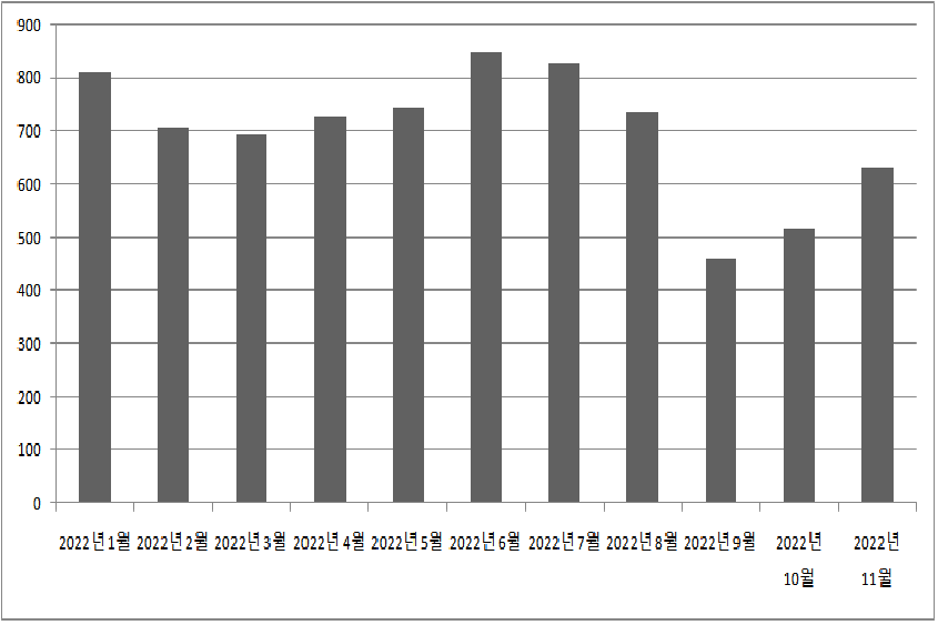 내수판매의 경우 올해 11월 40만5,000톤으로 지난해 같은 기간 56만9,000톤 보다 28.8% 감소했다. 누계실적은 482만5,000톤으로 지난해 같은 기간 615만7,000톤 보다 21.6% 급감했다. 수출은 11월 11만7,000톤으로 지난해 같은 기간 14만4,000톤 보다 23.5% 줄었다. 누계실적은 143만4,000톤으로 지난해 같은 기간 184만9,000톤 보다 22.4% 감소했다.
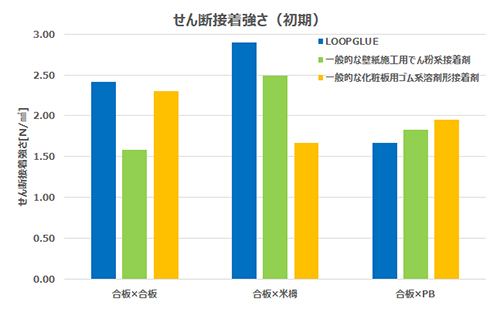 環境配慮型でありながら、従来の壁紙施工用接着剤と同等以上の高い接着強度を実現する。
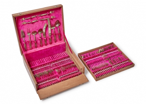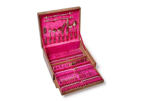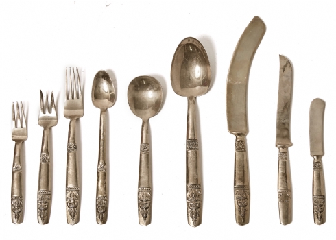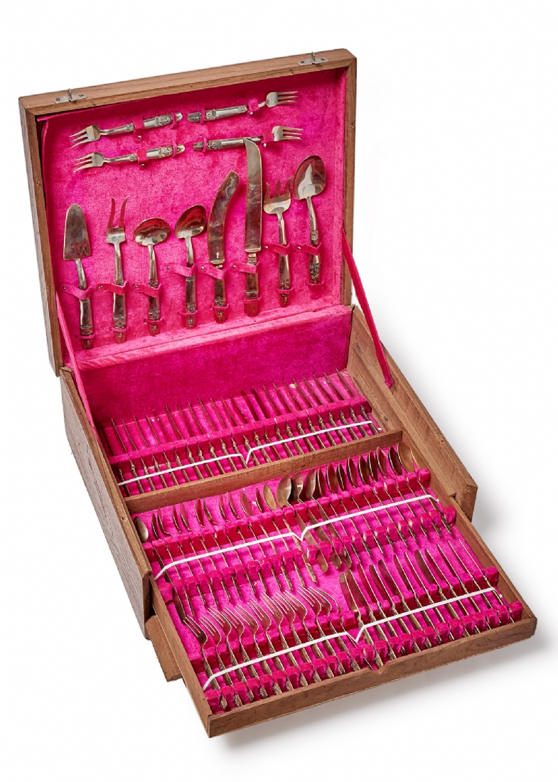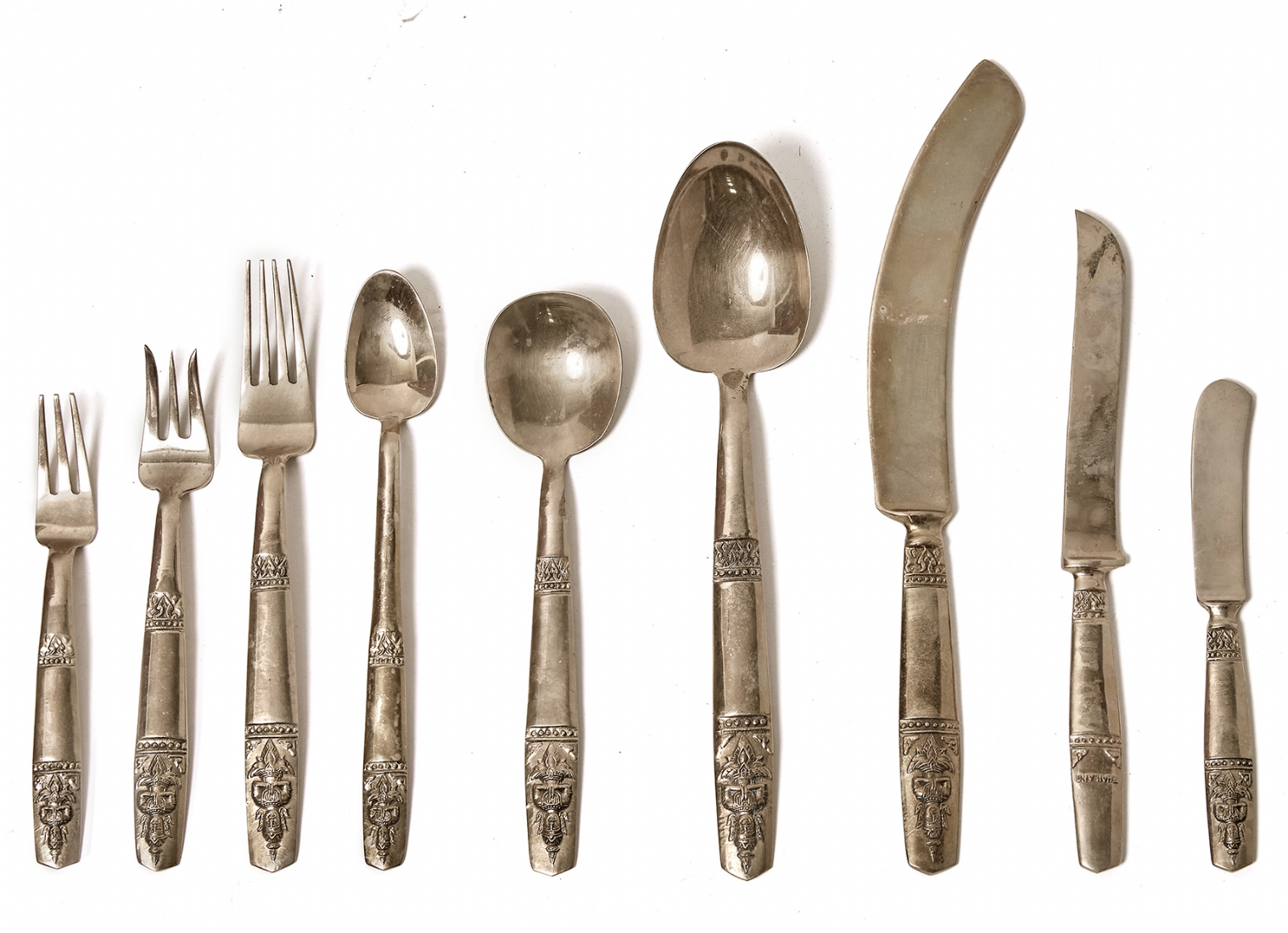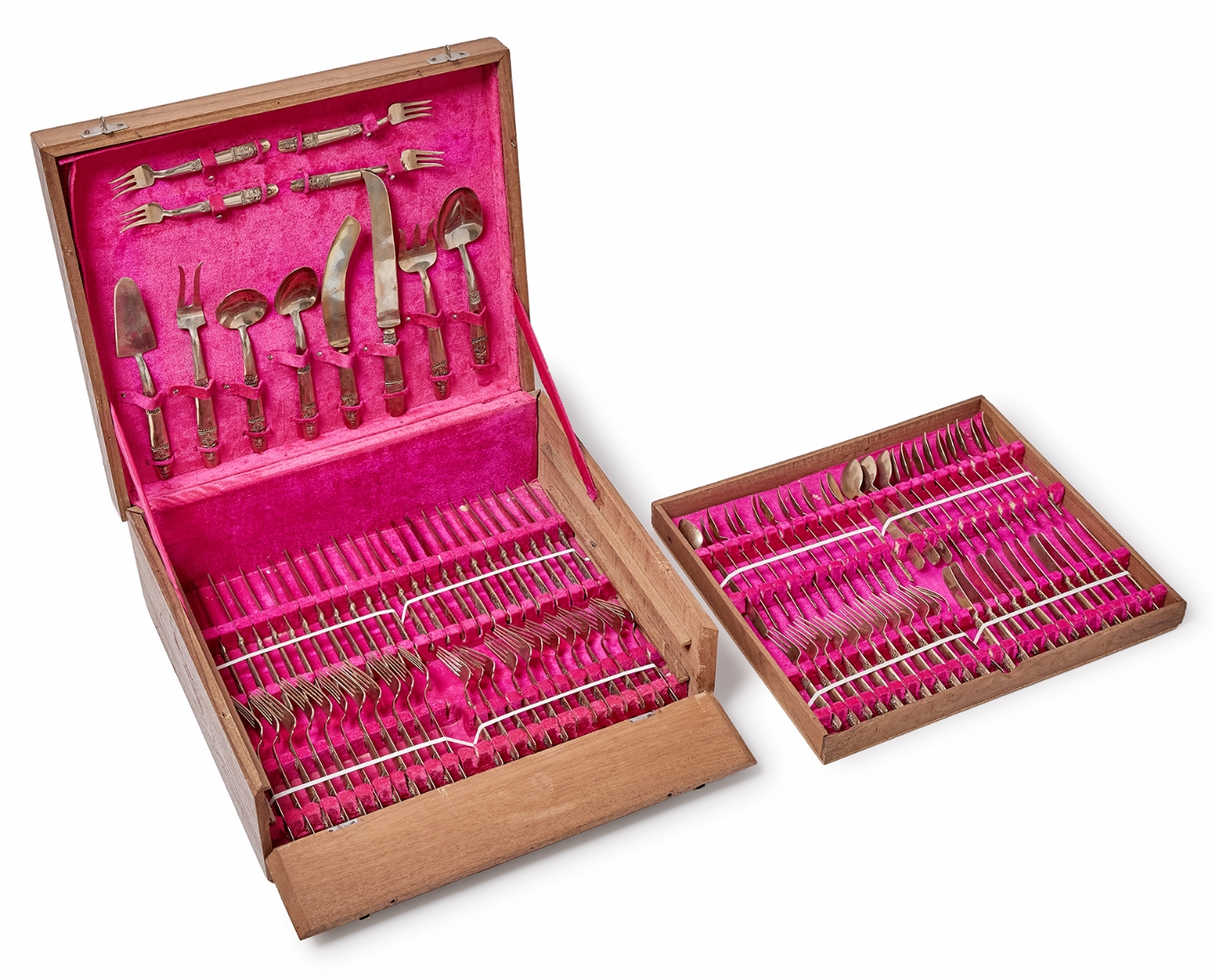 סט סכו"ם תאילנדי עשוי פליז מוזהב בתיבה מקורית
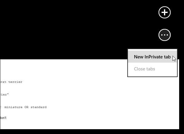 În versiunea modernă UI / Metro a IE10, puteți deschide o filă InPrivate nouă selectând opțiunea din butonul ... de pe bara de comutare tab (discutat mai devreme în acest articol). Accesați bara Tab Switcher apăsând tasta Windows + Z sau făcând clic dreapta pe pagina web curentă (nu pe un link).
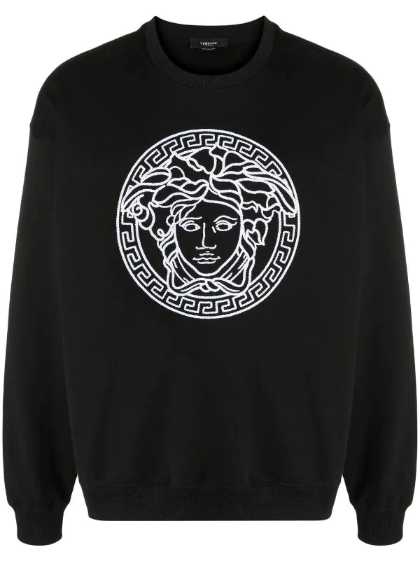 Motif Medusa, broderies, encolure ras du cou, manches longues, effet d’épaules descendues, poignets nervurés, ourlet nervuré. Matière : coton.
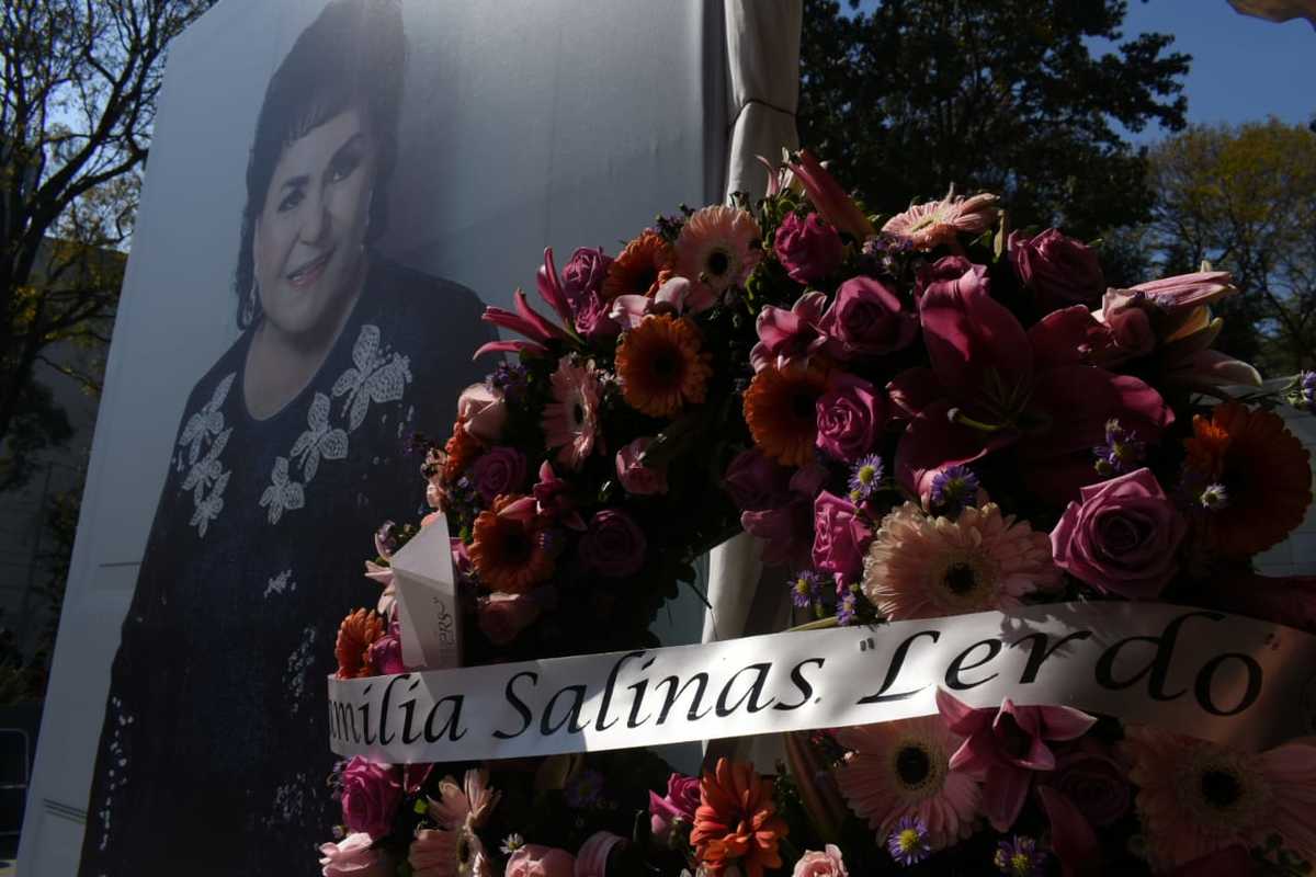 En el escenario, las imágenes de Carmen Salinas se replicaron y formaron parte de la escena, donde los arreglos florales y coronas que enviaron sus amigos como Lucha Villa, Patricia Reyes Spíndola se suman a la imagen de la Virgen de Guadalupe y el Sagrado Corazón de Jesús que acompañan el homenaje.
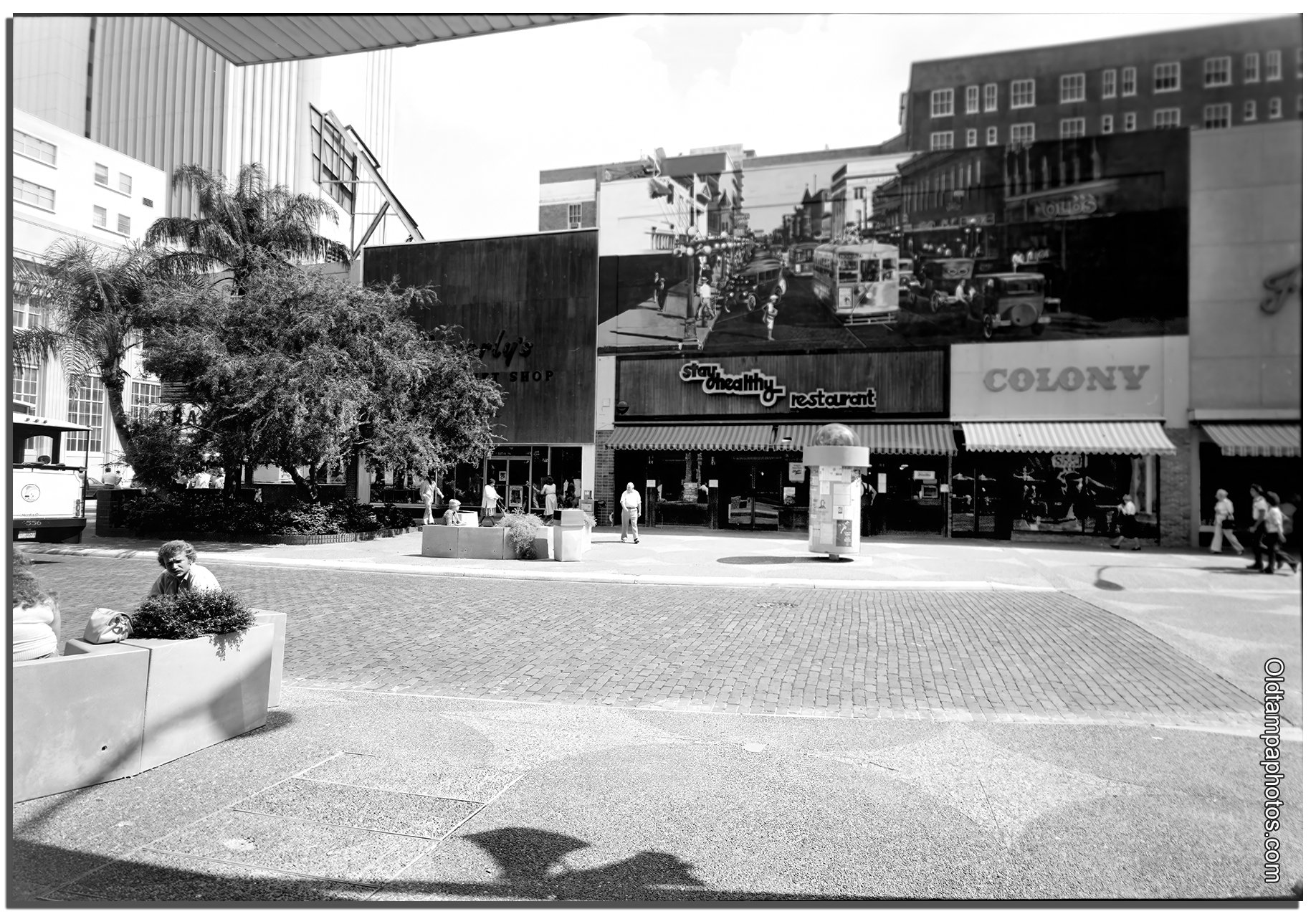 The downtown store took two storefronts in the 500 block of Franklin. In 1971, Steins Men’s Fashions moved into 511 Franklin St, and in 1974, Colony Shops moved in next door at 509 Franklin St. Richman Brothers took Stein’s spot in 1975 after the street had been converted into a pedestrian mall. The retail scramble continued in 1978 with the opening of Stay Healthy Restaurant in the spot. In an attempt to improve the aesthetics and increase foot traffic in 1979, the Tampa Community Design Center painted a mural of a 1925 Burgert Brothers photo of Franklin Street above both stores. It was fruitless. Both Colony and Stay Healthy closed in the mid-1980s.
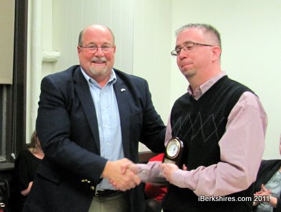 ![]() Schrade is presented with a plaque by Mayor Richard Alcombright at his last meeting with the School Committee on Tuesday. |
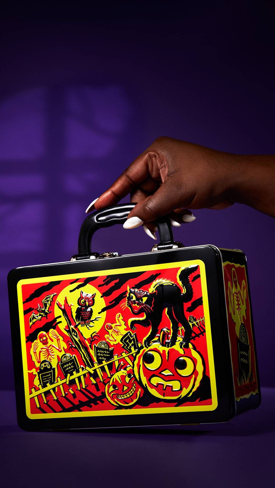 They said it couldn’t be done. You actually have leftovers from trick or treating. Quick! Hide them inside this ghoulish lunchbox, away from greedy monsters. Now for your next seemingly impossible trick — convince those of a more boring — ahem, sensible, nature that it’s perfectly fine to enjoy Halloween sweets for lunch.

▶ _Exercise directions_:
Images do not belong in the copy; reproduce all other parts of the records above verbatim.

▶ _Task response_:
 내수판매의 경우 올해 11월 40만5,000톤으로 지난해 같은 기간 56만9,000톤 보다 28.8% 감소했다. 누계실적은 482만5,000톤으로 지난해 같은 기간 615만7,000톤 보다 21.6% 급감했다. 수출은 11월 11만7,000톤으로 지난해 같은 기간 14만4,000톤 보다 23.5% 줄었다. 누계실적은 143만4,000톤으로 지난해 같은 기간 184만9,000톤 보다 22.4% 감소했다.
 環境配慮型でありながら、従来の壁紙施工用接着剤と同等以上の高い接着強度を実現する。
 סט סכו"ם תאילנדי עשוי פליז מוזהב בתיבה מקורית
 În versiunea modernă UI / Metro a IE10, puteți deschide o filă InPrivate nouă selectând opțiunea din butonul ... de pe bara de comutare tab (discutat mai devreme în acest articol). Accesați bara Tab Switcher apăsând tasta Windows + Z sau făcând clic dreapta pe pagina web curentă (nu pe un link).
 Motif Medusa, broderies, encolure ras du cou, manches longues, effet d’épaules descendues, poignets nervurés, ourlet nervuré. Matière : coton.
 En el escenario, las imágenes de Carmen Salinas se replicaron y formaron parte de la escena, donde los arreglos florales y coronas que enviaron sus amigos como Lucha Villa, Patricia Reyes Spíndola se suman a la imagen de la Virgen de Guadalupe y el Sagrado Corazón de Jesús que acompañan el homenaje.
 The downtown store took two storefronts in the 500 block of Franklin. In 1971, Steins Men’s Fashions moved into 511 Franklin St, and in 1974, Colony Shops moved in next door at 509 Franklin St. Richman Brothers took Stein’s spot in 1975 after the street had been converted into a pedestrian mall. The retail scramble continued in 1978 with the opening of Stay Healthy Restaurant in the spot. In an attempt to improve the aesthetics and increase foot traffic in 1979, the Tampa Community Design Center painted a mural of a 1925 Burgert Brothers photo of Franklin Street above both stores. It was fruitless. Both Colony and Stay Healthy closed in the mid-1980s.
 ![]() Schrade is presented with a plaque by Mayor Richard Alcombright at his last meeting with the School Committee on Tuesday. |
 They said it couldn’t be done. You actually have leftovers from trick or treating. Quick! Hide them inside this ghoulish lunchbox, away from greedy monsters. Now for your next seemingly impossible trick — convince those of a more boring — ahem, sensible, nature that it’s perfectly fine to enjoy Halloween sweets for lunch.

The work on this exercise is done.